# DIY CO2 question



## Zoe (Feb 26, 2006)

I bought a CO2 system at the LFS. I guess it's similar to a DIY - a plastic jar where the sugar etc goes in, a plastic tube, leading to a pump.

I'm guessing it's out of media, because there's not much coming out of it anymore. The LFS sells the media for 8.99$, but can't I just use some yeast and sugar? Seems like it would be cheaper.
If I can, what's a good recipe for it?

Thanks!
Zoe


----------



## Puffer Pita (Jun 16, 2006)

I make my own mix of 1 liter of water, 1 cup of sugar and 1/2 tsp. yeast (basic bread yeast stuff). Works well for about a month. Use warm water and add the sugar, then shake or stir until its dissolved. Add yeast, give it a quick shake/stir, attach and done.


----------



## Phonemonkey (Oct 19, 2006)

I realize this is total overkill, but I figured the more information the better.

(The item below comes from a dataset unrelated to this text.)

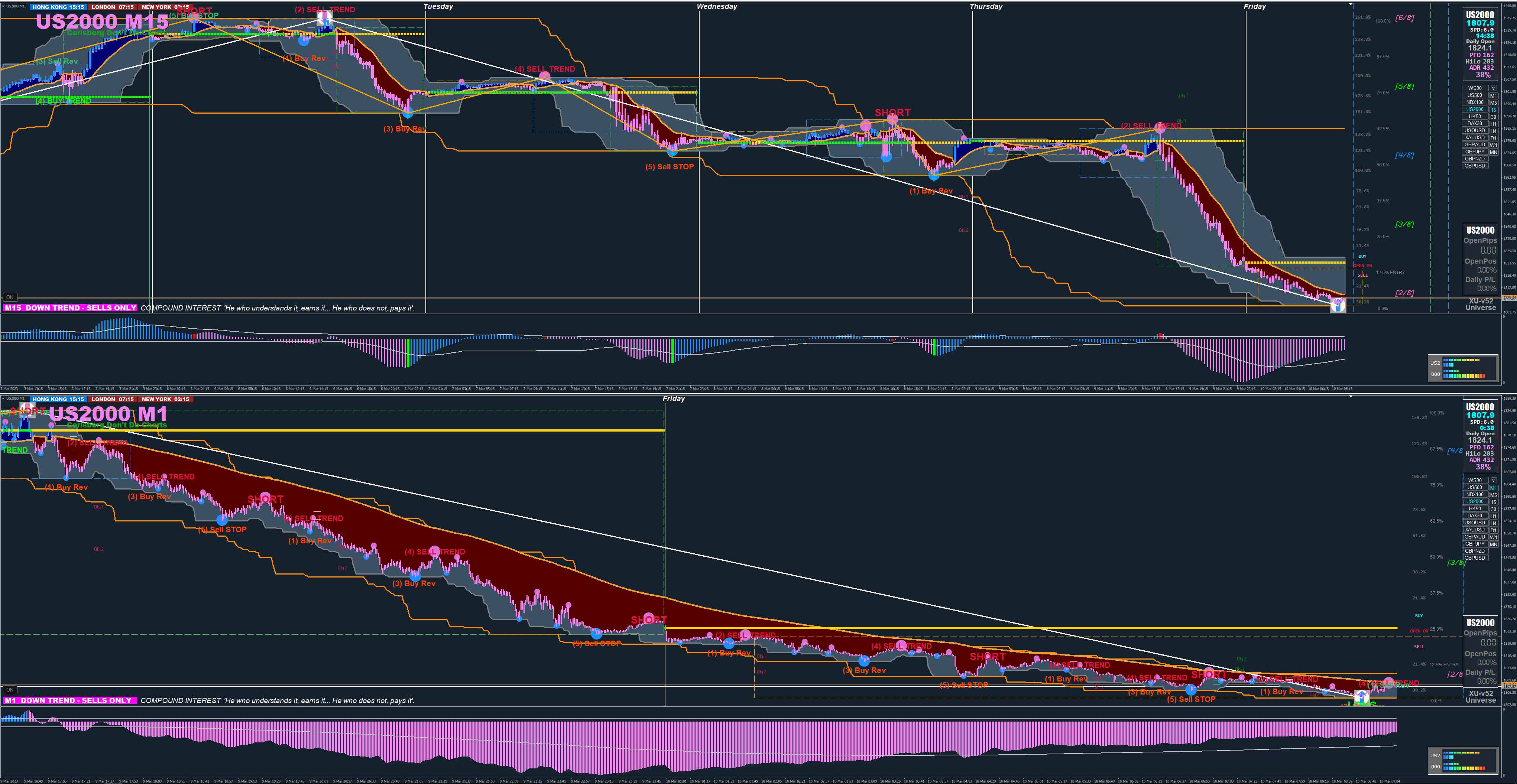 I'm not sure you're looking at these charts correctly. That buy signal on the 1m chart corresponds with the blue dot on the 1h chart that is all the way towards the end of the chart. Zoom in and look at the time/date on the bottom of the charts, that 1m buy is signaling a pullbacksgarr wrote: Thu Mar 09, 2023 3:55 am I understood the current sell trend, but the buy trend marked on one minute on the graph in the figure I don't understand it, considering the hourly graph

Been looking into DIY co2 myself lately, heres a few links with lots of useful information:

http://www.qsl.net/w2wdx/aquaria/diyco2.html

http://www.thekrib.com/Plants/CO2/co2-narten.html

The yeast/sugar/water ratio seems to be a subject of endless debate... these sites give some good starting points though.


----------



## girth vader (Apr 24, 2006)

this may have been mentioned in those articles, but brewers yeast that you buy at ubrews and wine making places ferments longer then typical bakers yeast, but they both produce CO2. Kep the bottle temp warm as well, cold water slows down ROP a lot.

ziggy.


----------



## Mazzy (Dec 16, 2006)

Phonemonkey - have you used the system described in the DIY article link you posted?
I would like to use CO2 but I am a little scared of the potential explosion factor.


----------



## Damon (Jan 18, 2005)

It is extremely rare to blow up a DIY mixture unless you don't give the gas a place to escape.


----------